Ditching Enzyme: A Case for Symbolic Autodiff in Sheaf V2
Feb 15th 2026
The Rust compiler for Sheaf is progressing well. The parser handles S-expressions correctly, and the first StableHLO emission works. Pattern matching in Rust proved to be the right choice: exhaustiveness checking catches missing cases at compile time.
Before going further, I need to validate the autodiff strategy. The V2 architecture targets IREE, which means I need gradients in StableHLO/Linalg, not through JAX. The obvious candidate was Enzyme-MLIR.
The Enzyme Detour
Enzyme is a compile-time autodiff engine that operates on LLVM IR and MLIR. It checks what I want for Sheaf: MLIR-native, designed for ahead-of-time compilation, and supposedly lightweight.

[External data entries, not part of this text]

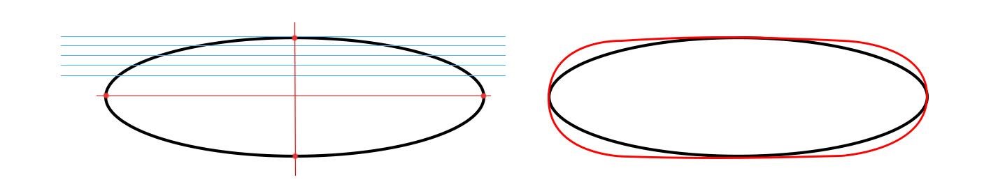 Эллипс можно получить, поменяв местами значения двух радиусов при построении круга. Если радиус по оси X больше радиуса по оси Y, то получится вертикальный эллипс. Если радиус по оси Y больше радиуса по оси X, то получится горизонтальный эллипс.
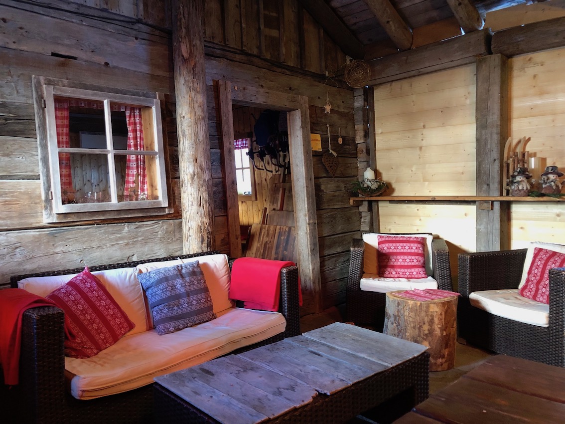 Molto carino il “salotto” che si trova appena entrati, tutto in legno, con una stufa calda e copertine da prendere per scaldarsi. Tutto l’ambiente è arredato con cura, anche la sala ristorante, con magnifici tavoli con vista.
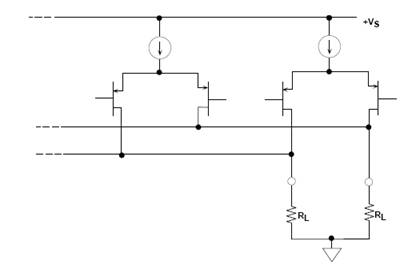 TxDAC系列中的基本電流開關(guān)單元由圖6所示的差分PMOS晶體管對(duì)組成。這些差分對(duì)通過(guò)低電平邏輯驅(qū)動(dòng),以便最大程度地降低開關(guān)瞬變和時(shí)間偏斜。DAC輸出為對(duì)稱的差分電流,有助于減少偶數(shù)階失真產(chǎn)物(特別是驅(qū)動(dòng)變壓器或運(yùn)放差分電流電壓轉(zhuǎn)換器等差分輸出時(shí))。

I spent time compiling it from source, fixing CMake issues to generate a shared library, and eventually got an 80MB libEnzymeMLIR-23.dylib.
The problem became clear when trying to integrate it with IREE: IREE doesn't support dynamic plugin loading. To use Enzyme, IREE would need to be rebuilt with Enzyme statically linked, then included in Sheaf. Embedding such a fast-moving project inside Sheaf would turn it into a very large and tightly coupled monolith, with long build times and high maintenance cost. For a project aiming to minimize "bloat" and stick to "do one thing and do it well", this is an anti-pattern.

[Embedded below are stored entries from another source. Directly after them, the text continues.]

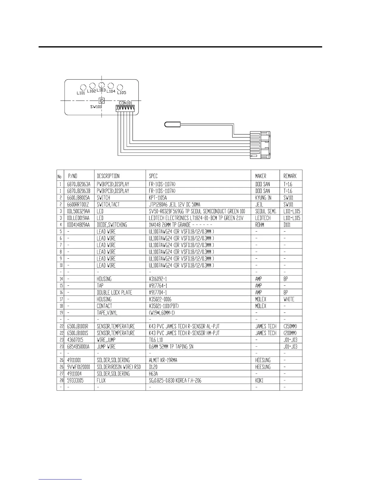 7-5-3 PWB ASSEMBLY, DISPLAY AND PARTS LIST
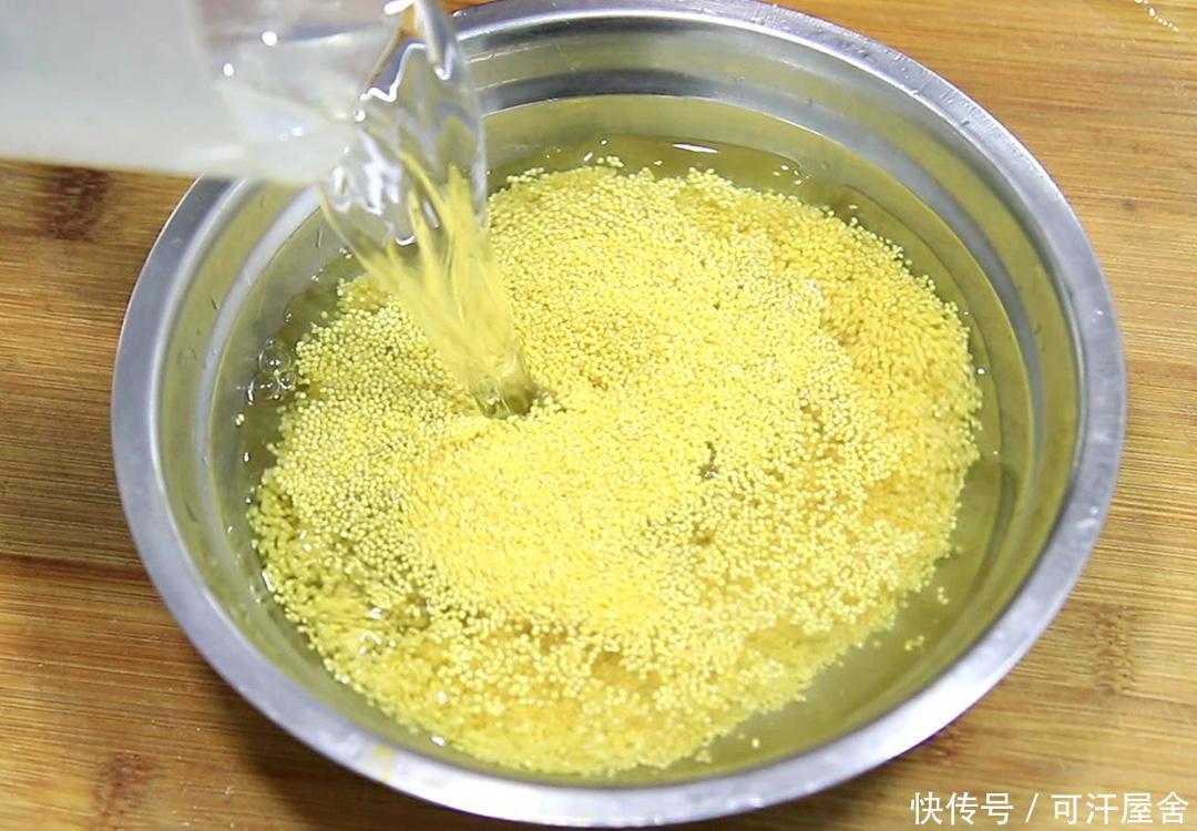 1.准备一把小米,淘洗干净以后用清水浸泡10分钟,浸泡过的小米熬的时候更容易熟透。
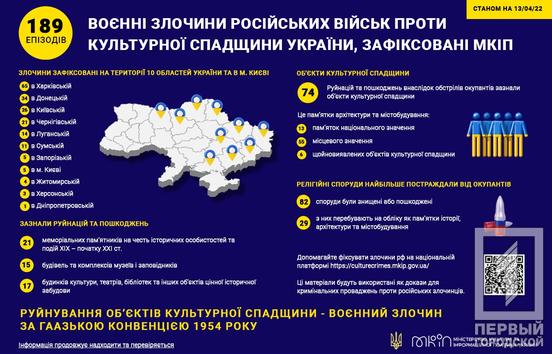 Станом на 13 квітня військові рф скоїли 189 злочинів проти культурної спадщини України. Зокрема, пошкоджені або повністю зруйновані релігійні споруди, музеї, будинки культури, заповідники та театри. Найбільше руйнувань зазнали культурні об’єкти на Харківщині. Інформація про це з’явилась на офіційному сайті Міністерства культури та інформаційної політики України.

I briefly considered alternatives: jax.grad, torch.autograd and the TinyGrad autodiff all bring Python back into the compilation pipeline, negating the entire point of V2.
The Minimal Path
Facing these limitations, the question became: do I need such a large code base to perform differentiation? What does Sheaf actually need?

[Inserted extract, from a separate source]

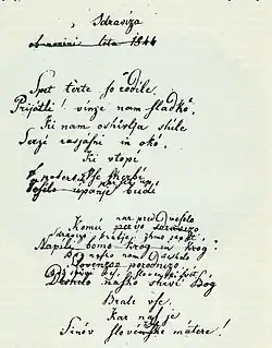 Erstversion der Zdravljica von France Prešeren im Bohorič-Alphabet
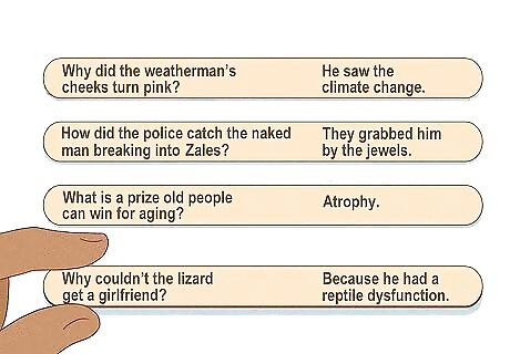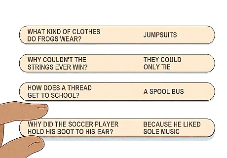 These jokes are classically corny—and undeniably hilarious. What gets a kid more energized than a sugary sweet treat? Laughing their butt off to the punchline of a cheesy joke, of course! Like these: What kind of clothes do frogs wear? Jumpsuits. Why couldn't the strings ever win? They could only tie. How does a thread get to school? A spool bus. Why did the soccer player hold his boot to his ear? Because he liked sole music. Why does a quarter flip higher than other coins? It has an eagle on it. What crew mans a haunted ship? A skeleton crew. What’s the hardest thing about learning to ride a bike? The pavement! How did the telephone propose to his girlfriend? He gave her a ring. How did the computer catch a fish? With its internet. Why can’t you play soccer with pigs? They hog the ball. What kind of pets does a band have? Trumpets. Why didn’t the cashier laugh at the customer's joke? It made no cents. Where do dogs hate to shop? The flea market. What do golfers love to drink? A cup of tee. Where do you put barking dogs? In a barking lot. What do pigs and ink have in common? They both go in a pen. Why are frogs rarely angry? They eat whatever bugs them. Where does an elephant keep its suitcase? In its trunk. What is a musician’s favorite pastry? A drumroll. What do you call a square that’s been in an accident? A WRECKtangle. What position do ghosts play in soccer? Ghoulie. What did the sink say to the potty? You look flushed. Why did the baseball player get arrested? He stole second base. Where were pencils invented? PENCIL-vania. What did the triangle say to the circle? You’re pointless. What do lawyers wear to court? Lawsuits. What do you call a crocodile that likes to bowl? An alley-gator. Why was Cinderella so bad at soccer? She kept running away from the ball! What did Mr. & Mrs. Hamburger name their daughter? Patty. What do icicles say to each other when leaving? Bye-cycle. How do billboards talk? Sign language.

Enzyme is designed to differentiate arbitrary C++ code with pointers, aliasing, and side effects. Sheaf has none of that. The code is purely functional, immutable, and operates on a small set of mathematical operations: matrix multiplication, element-wise arithmetic, activations, and reductions.
Besides, I don't need an autodiff engine that optimizes: I need one that generates mathematically correct gradients. IREE will optimize afterward through kernel fusion and vectorization.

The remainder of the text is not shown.